#### [Study material]
= Beginning of Section =
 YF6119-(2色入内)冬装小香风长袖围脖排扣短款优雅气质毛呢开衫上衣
= End of Section =
= Beginning of Section =
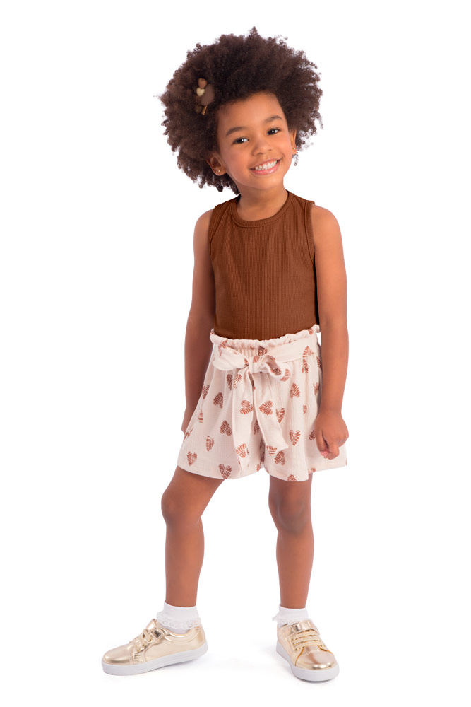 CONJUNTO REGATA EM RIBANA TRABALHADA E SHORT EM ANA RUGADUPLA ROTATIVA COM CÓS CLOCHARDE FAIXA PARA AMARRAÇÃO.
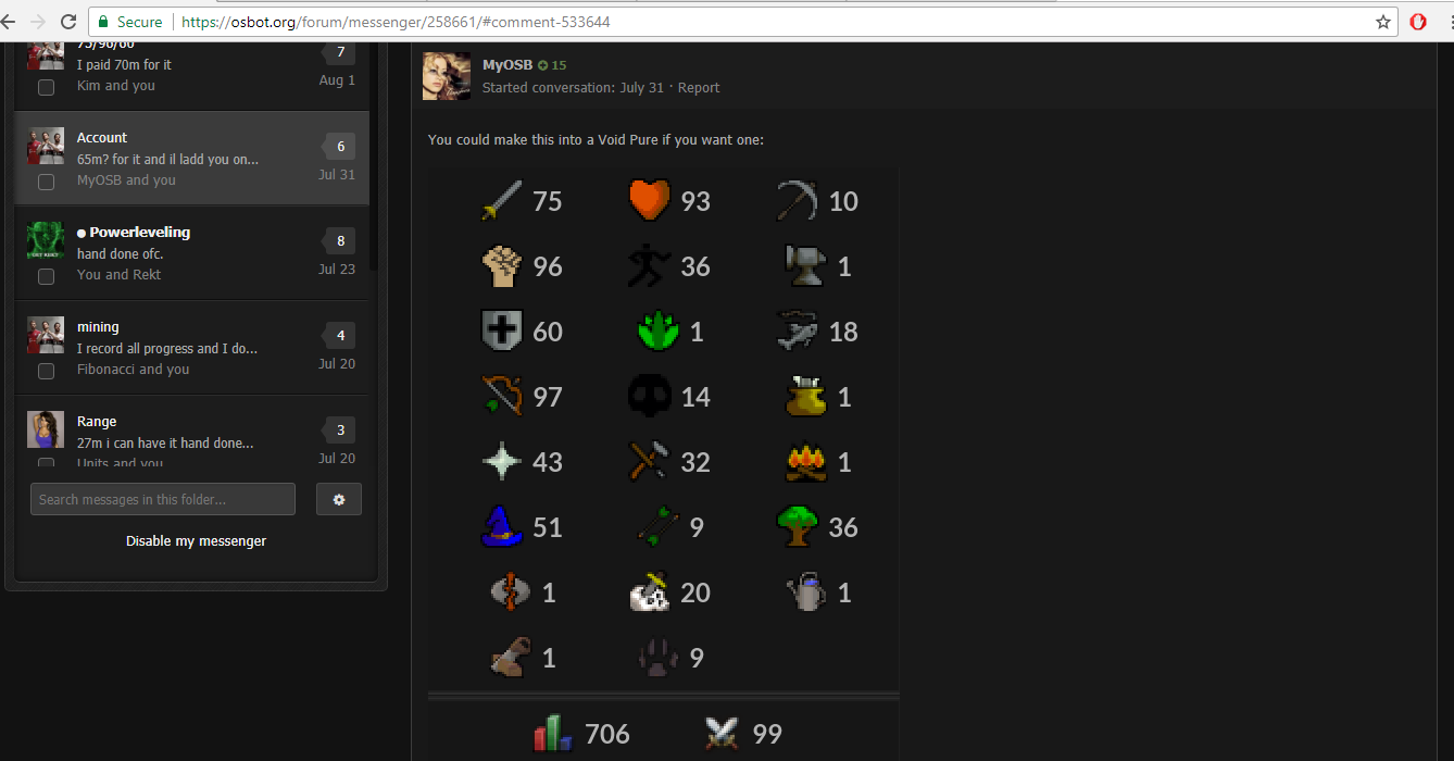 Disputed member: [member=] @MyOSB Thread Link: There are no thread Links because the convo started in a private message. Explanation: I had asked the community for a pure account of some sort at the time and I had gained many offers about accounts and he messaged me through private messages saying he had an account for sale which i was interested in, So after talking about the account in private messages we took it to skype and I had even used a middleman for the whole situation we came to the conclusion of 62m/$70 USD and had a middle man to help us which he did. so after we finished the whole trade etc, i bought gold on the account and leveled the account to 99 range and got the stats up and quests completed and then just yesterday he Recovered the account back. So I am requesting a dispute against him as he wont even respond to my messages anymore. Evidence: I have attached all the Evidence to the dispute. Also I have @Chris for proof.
= End of Section =
= Beginning of Section =
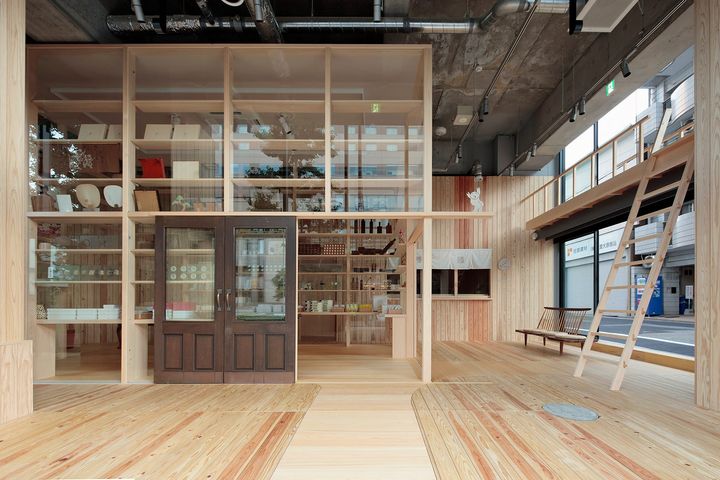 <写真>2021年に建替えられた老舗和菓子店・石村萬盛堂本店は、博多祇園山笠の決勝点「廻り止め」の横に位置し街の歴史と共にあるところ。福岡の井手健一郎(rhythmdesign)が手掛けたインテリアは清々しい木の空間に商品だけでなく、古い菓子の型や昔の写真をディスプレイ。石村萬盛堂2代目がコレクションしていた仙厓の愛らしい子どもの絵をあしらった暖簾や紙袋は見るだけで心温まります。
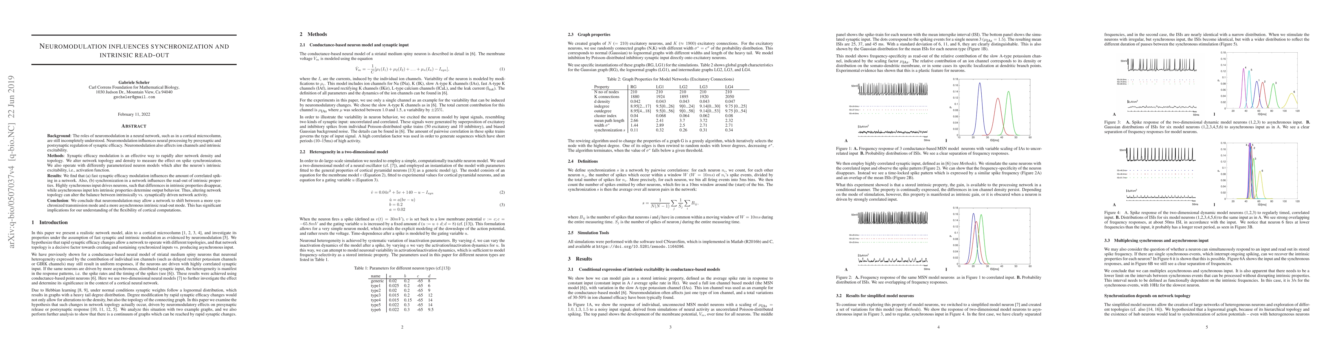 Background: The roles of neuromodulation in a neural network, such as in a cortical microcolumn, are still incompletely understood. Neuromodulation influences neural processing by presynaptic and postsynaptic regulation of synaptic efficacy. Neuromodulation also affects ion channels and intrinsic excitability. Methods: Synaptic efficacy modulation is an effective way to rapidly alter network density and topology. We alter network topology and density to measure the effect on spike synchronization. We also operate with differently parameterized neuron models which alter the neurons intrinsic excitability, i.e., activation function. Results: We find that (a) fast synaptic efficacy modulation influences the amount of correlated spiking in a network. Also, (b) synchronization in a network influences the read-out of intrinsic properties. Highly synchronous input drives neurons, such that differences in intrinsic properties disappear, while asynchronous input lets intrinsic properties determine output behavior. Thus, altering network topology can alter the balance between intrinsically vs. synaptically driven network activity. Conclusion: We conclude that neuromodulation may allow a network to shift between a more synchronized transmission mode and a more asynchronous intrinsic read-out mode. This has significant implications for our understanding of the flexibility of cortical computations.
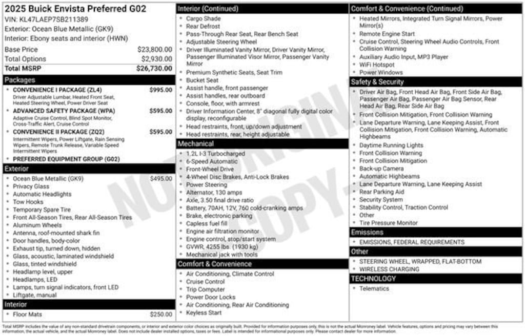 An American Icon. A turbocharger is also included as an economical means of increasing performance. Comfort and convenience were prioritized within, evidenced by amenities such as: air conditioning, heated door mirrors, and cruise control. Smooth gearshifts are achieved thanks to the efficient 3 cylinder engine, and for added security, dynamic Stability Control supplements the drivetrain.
= End of Section =
#### [What to do]
With the pictures omitted, print the lines above exactly, beginning at the line with "<写真>2021年に建替えら" and going on through the line with "Background: The roles".

#### [Completed task]
 <写真>2021年に建替えられた老舗和菓子店・石村萬盛堂本店は、博多祇園山笠の決勝点「廻り止め」の横に位置し街の歴史と共にあるところ。福岡の井手健一郎(rhythmdesign)が手掛けたインテリアは清々しい木の空間に商品だけでなく、古い菓子の型や昔の写真をディスプレイ。石村萬盛堂2代目がコレクションしていた仙厓の愛らしい子どもの絵をあしらった暖簾や紙袋は見るだけで心温まります。
 Background: The roles of neuromodulation in a neural network, such as in a cortical microcolumn, are still incompletely understood. Neuromodulation influences neural processing by presynaptic and postsynaptic regulation of synaptic efficacy. Neuromodulation also affects ion channels and intrinsic excitability. Methods: Synaptic efficacy modulation is an effective way to rapidly alter network density and topology. We alter network topology and density to measure the effect on spike synchronization. We also operate with differently parameterized neuron models which alter the neurons intrinsic excitability, i.e., activation function. Results: We find that (a) fast synaptic efficacy modulation influences the amount of correlated spiking in a network. Also, (b) synchronization in a network influences the read-out of intrinsic properties. Highly synchronous input drives neurons, such that differences in intrinsic properties disappear, while asynchronous input lets intrinsic properties determine output behavior. Thus, altering network topology can alter the balance between intrinsically vs. synaptically driven network activity. Conclusion: We conclude that neuromodulation may allow a network to shift between a more synchronized transmission mode and a more asynchronous intrinsic read-out mode. This has significant implications for our understanding of the flexibility of cortical computations.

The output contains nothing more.